Figure 2—figure supplement 3
Complementary panels to Figure 2 of Ov-syt expression in the head region of developing O. vulgaris embryos.
Panels on the left show representative 3D reconstructions of embryos seen from the lateral side, stained with DAPI. White dashed lines indicate the sectioning plane in respect to the dorsoventral axis. Panels in the two right columns show in situ hybridization of Ov-syt on paraffin sections in embryos at Stage IX, XI, XIII, XV.2, XVII, XIX.1, and XX.2, with anterior up and posterior down. Abbreviations as in Figure 2.
Figure 3
Cell division in the developing O. vulgaris embryo.
Expression of Ov-pcna (upper panels) and immunoreactivity against PH3 (lower panels) from Stage VII.2 to Stage XX.2. (A-D, I-L) Ov-pcna expression is broad at Stages VII.2 and IX and gets restricted to the lateral lips, mouth region and retina at subsequent stages. (E-H, M-P) Similarly, PH3-positive cells are abundant in the lateral lips, in the mouth region and on apical side in the retina. Very few cells in the developing central brain are PH3 positive or express Ov-pcna. Scale bars represent 100 μm. Abbreviations as in Figure 2; PBRL, prebrachial lobe.
Figure 4 with 7 supplements
Expression of O. vulgaris proneuronal and neuronal differentiation bHLH genes during embryonic development.

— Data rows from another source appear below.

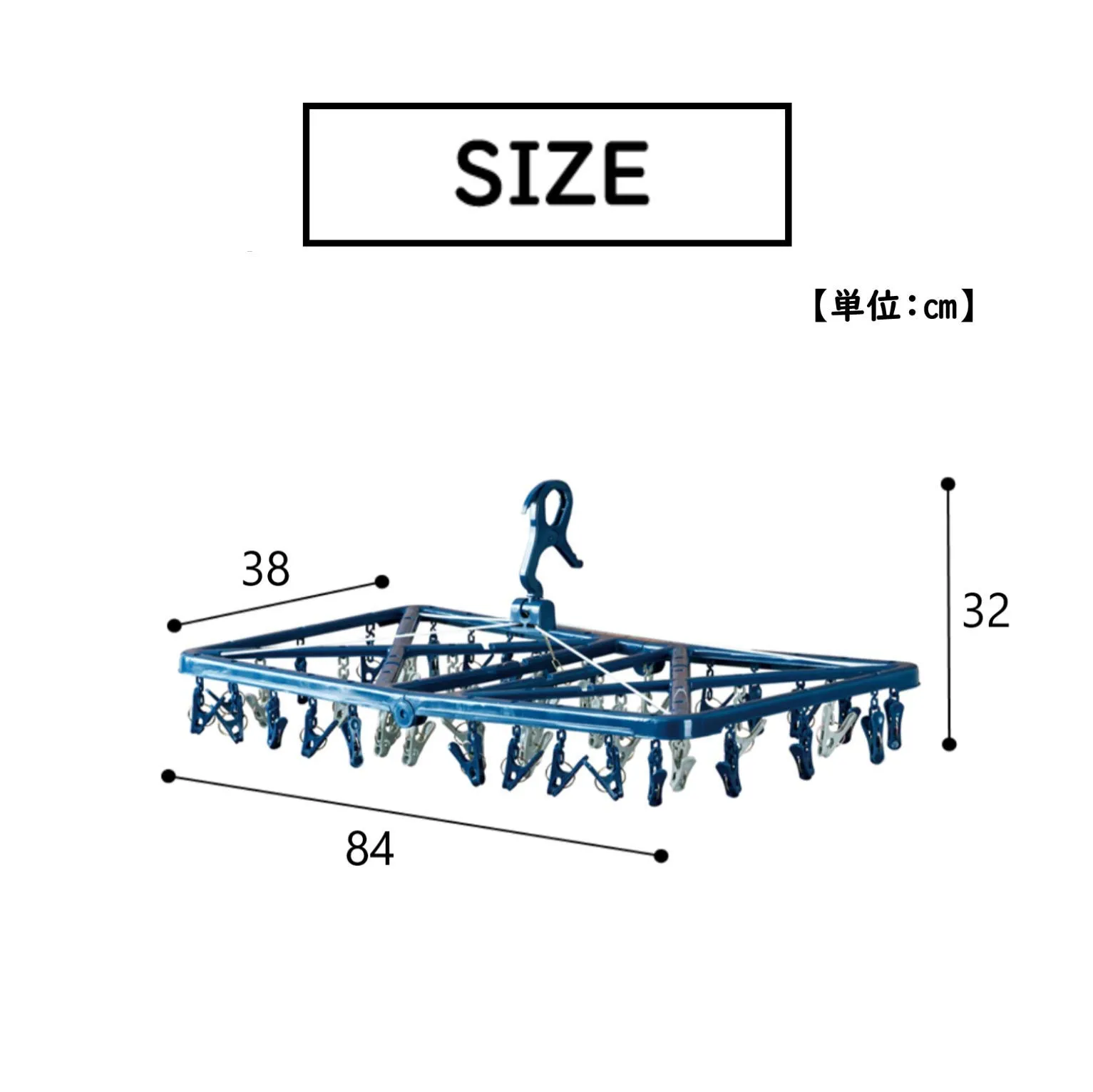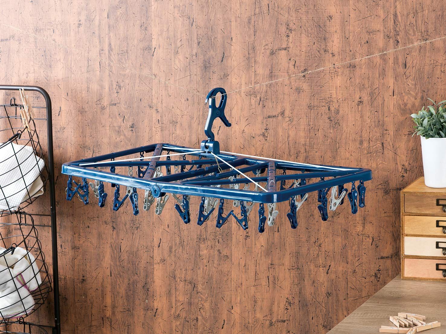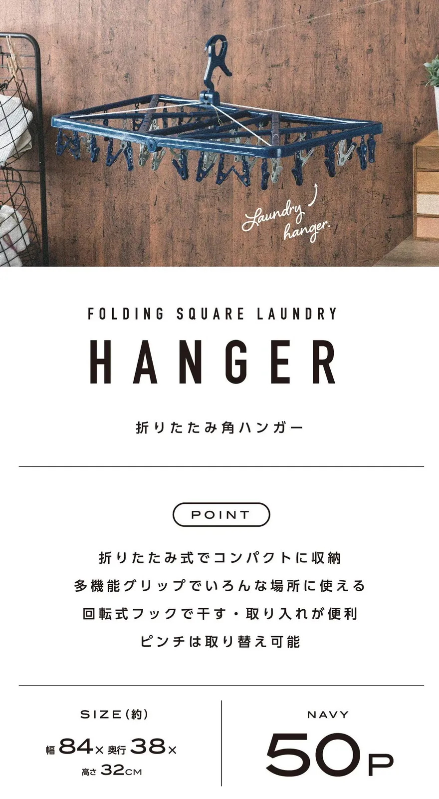 洗濯ばさみが50個付いていて、たくさん干せる!くつ下やハンカチなどの小物干しにも便利!
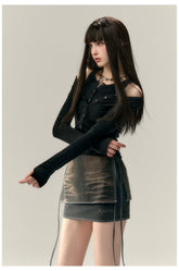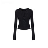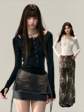 The half-button neckline design breaks visual monotony, offering versatility for pairing with bottoms to enhance a slender silhouette.A backless and long-sleeve two-piece reconstruction highlights its unique layered appearance.
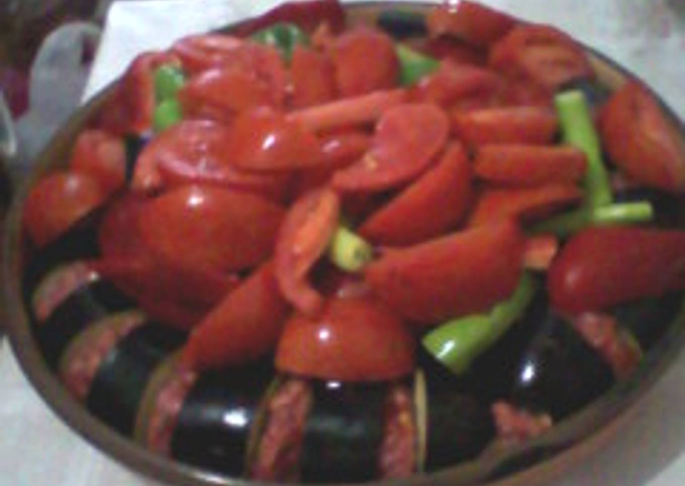 - En una bandeja de horno redonda, si puede ser, queda mas decorativo, ir poniendo una rodaja de berenjena un poco de carne picada y así sucesivamente hasta redondear la bandeja
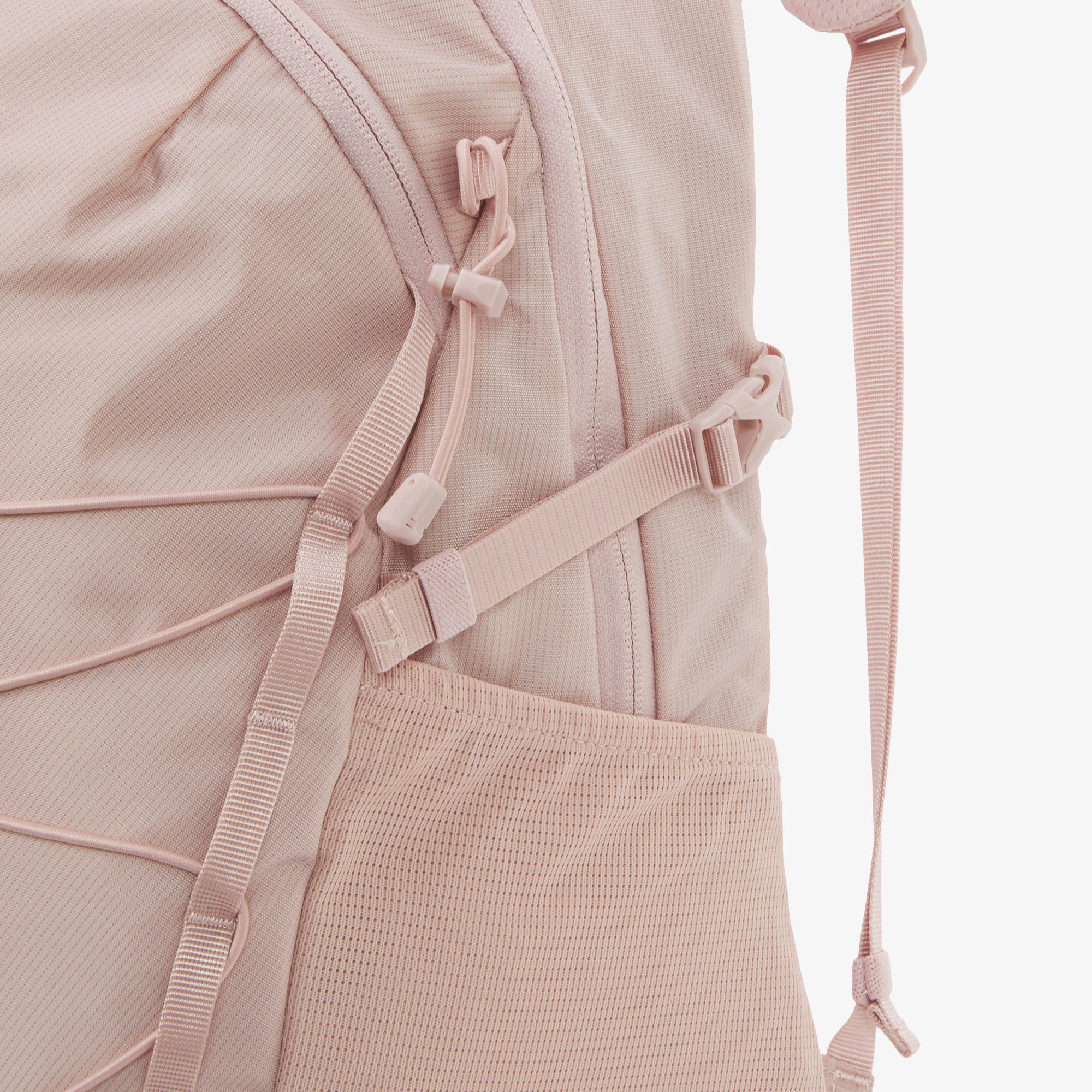 측면 웨빙 스트랩을 조여 내부 수납물의 흔들림을 방지해 안정감을 높혀주며, 메쉬 포켓은 물병이나 작은 소품을 수납 할 수 있습니다.
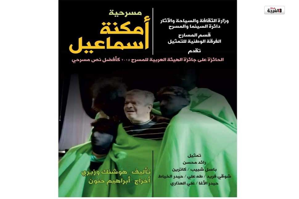 ضمن فعاليات أيام مسرحية التي انبثقت في بغداد بمناسبة اليوم العالمي للمسرح قدمت مسرحية أمكنة اسماعيل على خشبة المسرح الوطني وهي من تأليف هوشنك وزيري واخراج ابراهيم حنون، وقد جسّد أدوار العرض كلّ من الممثل رائد محسن/ اسماعيل وباسل شبيب/ الطبيب وكاترين/ الممرضة وبعض اوهام اسماعيل..
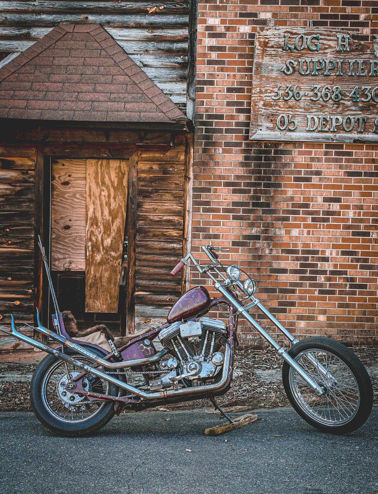 He (Jacob) picked up a 1987 Harley-Davidson xlh1100 and didn’t waste any time stripping the bike down and creating his vision of the perfect garage built, 70’s inspired chop. Jacob wanted something cool that he could carry limited tools to work on the bike with, if anything were to occur, roadside. This proved extra handy on our mission to shoot the accompanying photos as we no sooner made it out of Jacob’s driveway when his throttle cable broke. After a quick fix he had her back up and running and we were able to make a few photos to showcase his hard work.

Expression of Ov-ascl1, Ov-ngn, and Ov-neuroD on paraffin sections from Stage IX to Stage XX.2. (A-G) Ov-ascl1 is highly expressed in the lateral lips and retina at all stages. Overall, the number of Ov-ascl1 positive cells increases during organogenesis, reaching a peak at Stage XV.2. (H-N) Expression of Ov-ngn is restricted to cells in the lateral lips and a limited number of cells in the transition zones at all stages. (O-U) Ov-neuroD is expressed at low level in the lateral lips at Stage IX and XI, but not in its most outer cell layers. At subsequent stages, Ov-neuroD is highly expressed in the transition zones. In the central brain, Ov-neuroD transcripts are present in the cerebral, optic, and palliovisceral (Figure 4—figure supplement 5) cords at Stage IX and also in the pedal cord from Stage XI onwards. Expression in the cords decreases over the course of development. See Figure 4—figure supplements 1 and 2 for phylogenetic reconstruction and expression pattern of Ov-soxB1, Figure 4—figure supplements 3 and 4 for phylogenetic reconstruction of Ov-ngn, Ov-neuroD, and Ov-ascl1 and Figure 4—figure supplements 5, 6 and 7 for complementary panels of Ov-ascl1, Ov-ngn, and Ov-neuroD expression. Scale bars represent 100 μm. Abbreviations as in Figure 2.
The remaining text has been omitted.